• Source records:
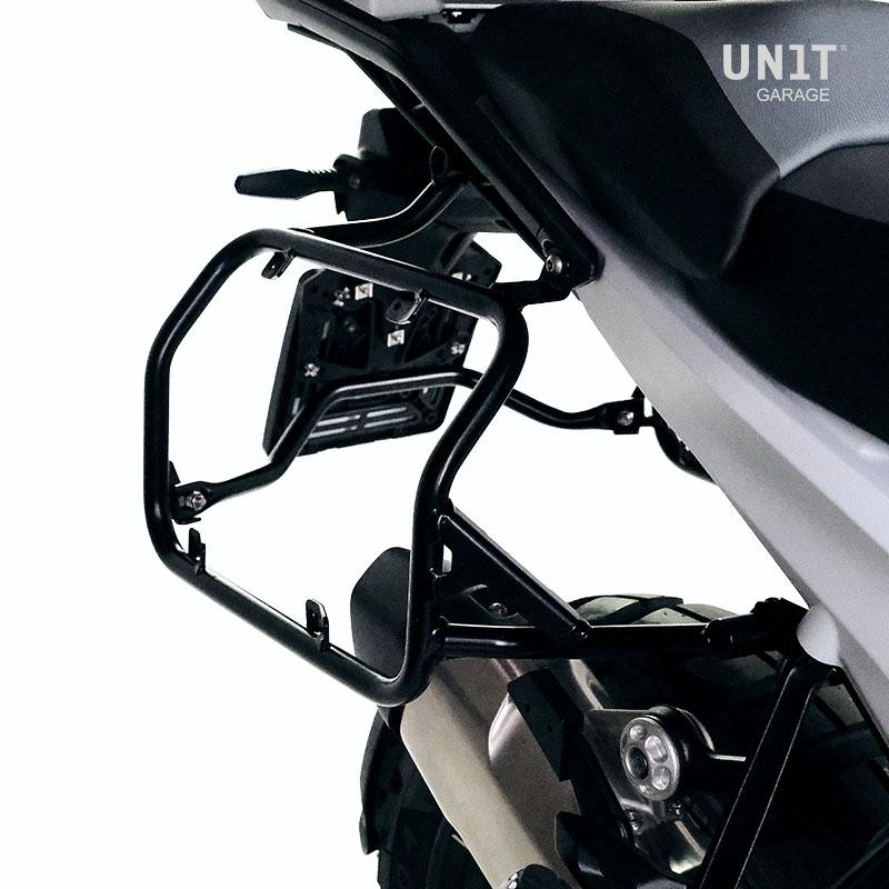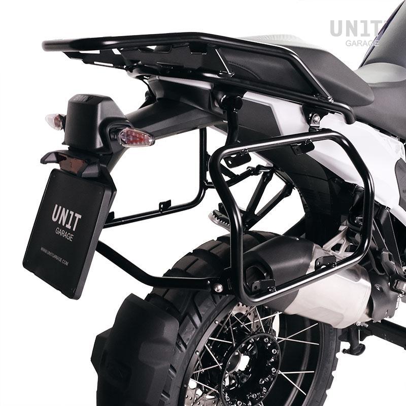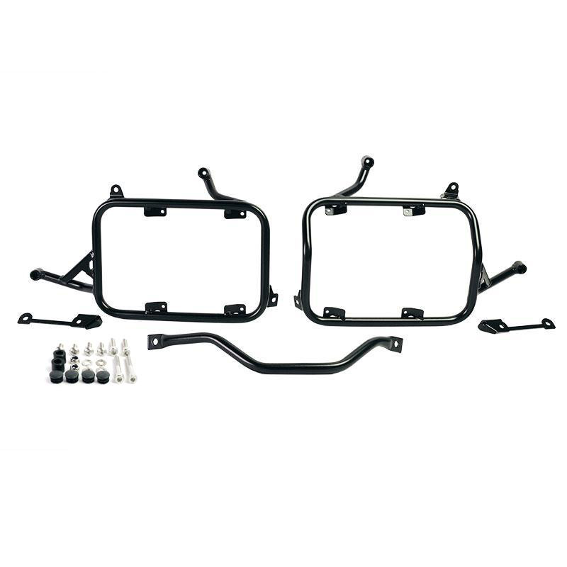 This complete set of frames made of stainless steel integrates perfectly with the rest of the bike. It is supplied complete with mounting kit and screws, no modifications to the motorbike are necessary. It can be mounted on the motorcycle in combination with our luggage racks (code: 4004) with original BMW accessories such as the luggage rack or the passenger handle.
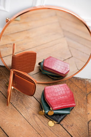 Porte-monnaie en cuir embossé croco de Nat & Nin
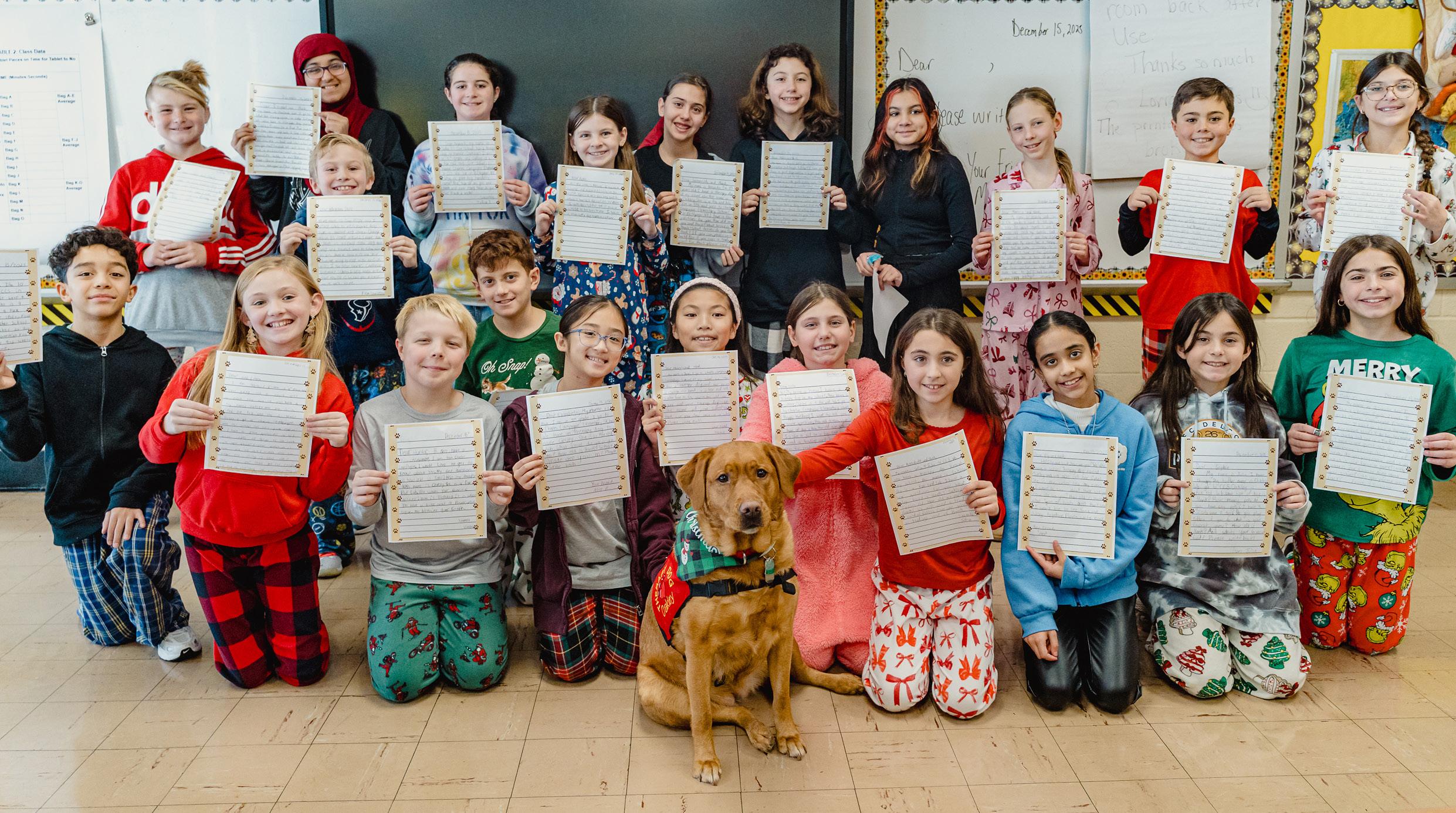 The initiative has been so popular that third, fourth and fifth grade students volunteer to come in during recess to write letters to their pen pals – and spend a little extra time with Oakley while they’re at it.
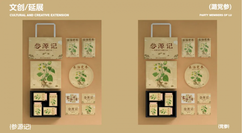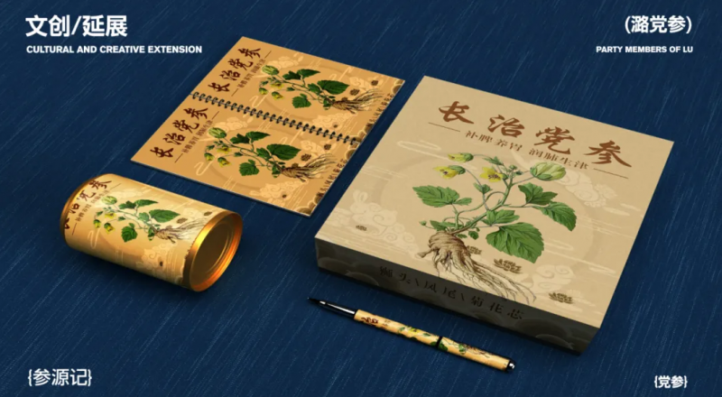 各類文創(chuàng)產(chǎn)品(如筆記本、筆筒、鋼筆,手提袋、包裝禮盒、卡片等)通過(guò)不同載體,多維度傳遞潞黨參的文化與價(jià)值,助力品牌從藥材領(lǐng)域向文化創(chuàng)意領(lǐng)域延伸,加深消費(fèi)者對(duì)潞黨參文化的認(rèn)知與喜愛(ài)。
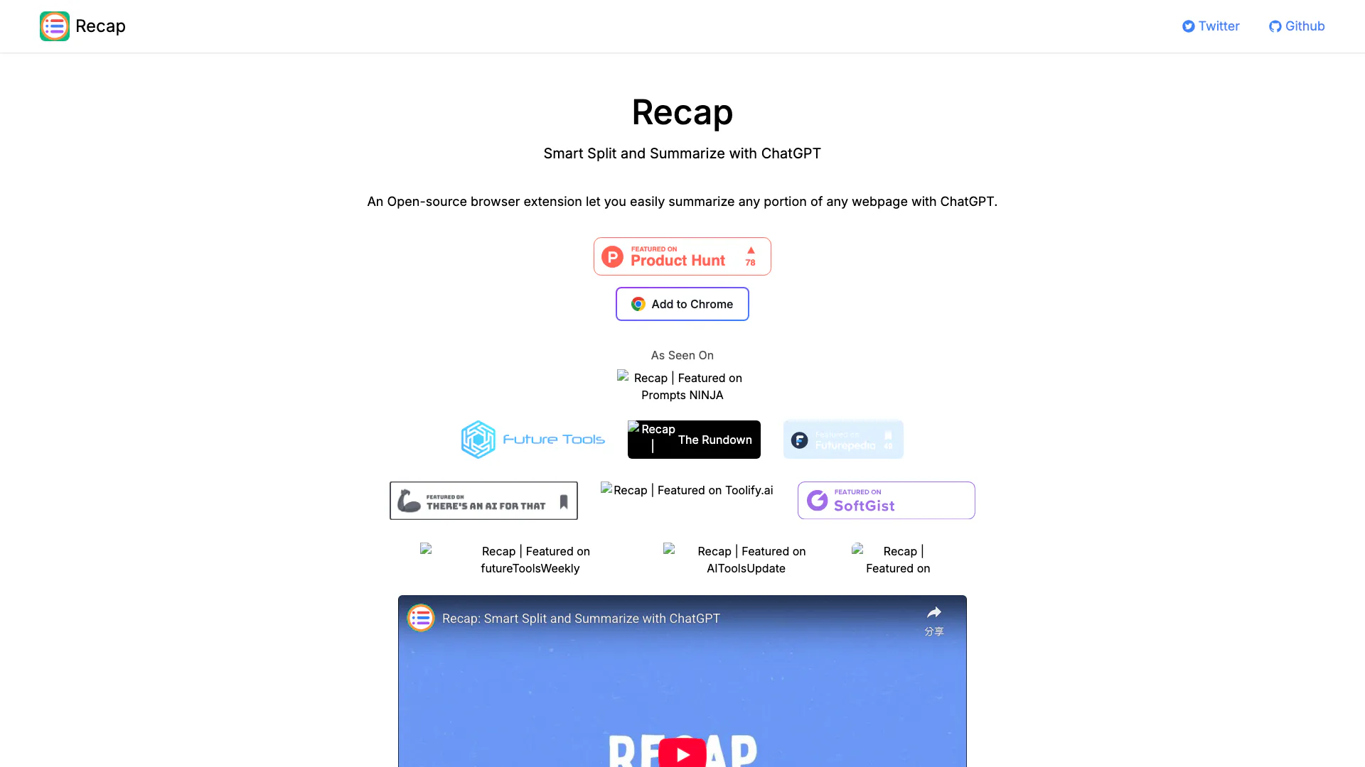 Recap is an open-source browser extension that allows users to easily summarize any portion of any webpage using ChatGPT.
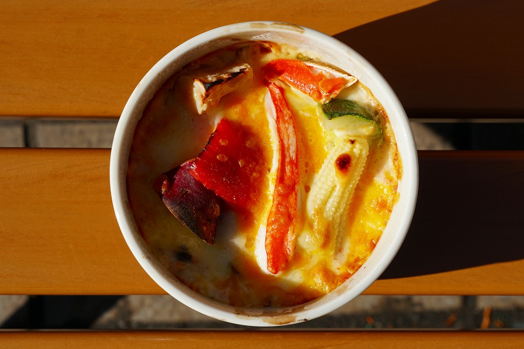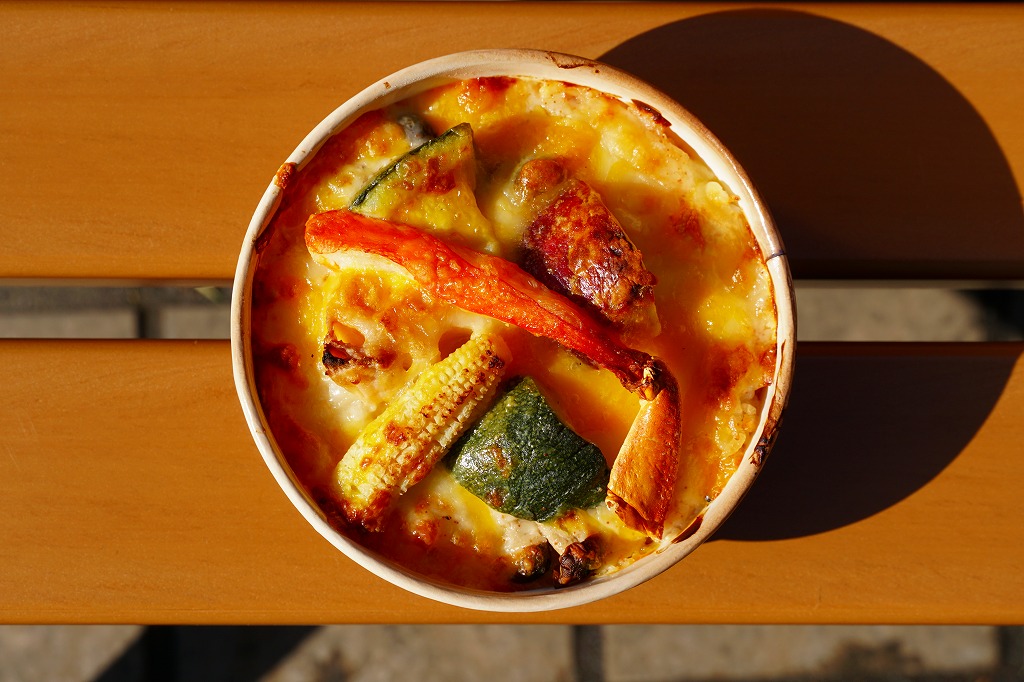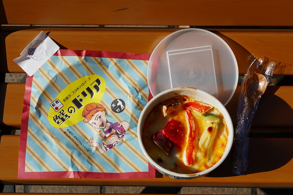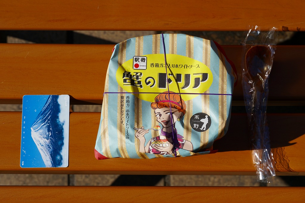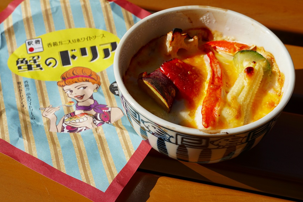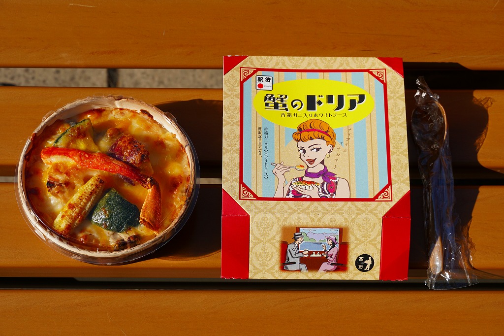 2019(平成31)年1月1日に金沢駅と加賀温泉駅で発売。同月の京王百貨店の駅弁大会での実演販売でデビュー。ドリアの駅弁など、他に聞いたことがない。ズワイガニやベニズワイガニのカニ飯に、香箱蟹(ズワイガニのメス)入りのホワイトソースをかけ、カニ脚、ズッキーニ、さつまいも、赤パプリカ、レンコン、ヤングコーン、しめじを散らし、チーズをかけてオーブンで焼く。これは冷めてもおいしいカニドリア。とてもユニークな駅弁が出てきたものだと思う。2022年までの販売か。

• AIM OF THE TASK:
Please, leaving out all pictures, transcribe exactly the lines above from the one containing "各類文創(chuàng)產(chǎn)品" through the final line, both included.

• EXPECTED OUTPUT:
 各類文創(chuàng)產(chǎn)品(如筆記本、筆筒、鋼筆,手提袋、包裝禮盒、卡片等)通過(guò)不同載體,多維度傳遞潞黨參的文化與價(jià)值,助力品牌從藥材領(lǐng)域向文化創(chuàng)意領(lǐng)域延伸,加深消費(fèi)者對(duì)潞黨參文化的認(rèn)知與喜愛(ài)。
 Recap is an open-source browser extension that allows users to easily summarize any portion of any webpage using ChatGPT.
 2019(平成31)年1月1日に金沢駅と加賀温泉駅で発売。同月の京王百貨店の駅弁大会での実演販売でデビュー。ドリアの駅弁など、他に聞いたことがない。ズワイガニやベニズワイガニのカニ飯に、香箱蟹(ズワイガニのメス)入りのホワイトソースをかけ、カニ脚、ズッキーニ、さつまいも、赤パプリカ、レンコン、ヤングコーン、しめじを散らし、チーズをかけてオーブンで焼く。これは冷めてもおいしいカニドリア。とてもユニークな駅弁が出てきたものだと思う。2022年までの販売か。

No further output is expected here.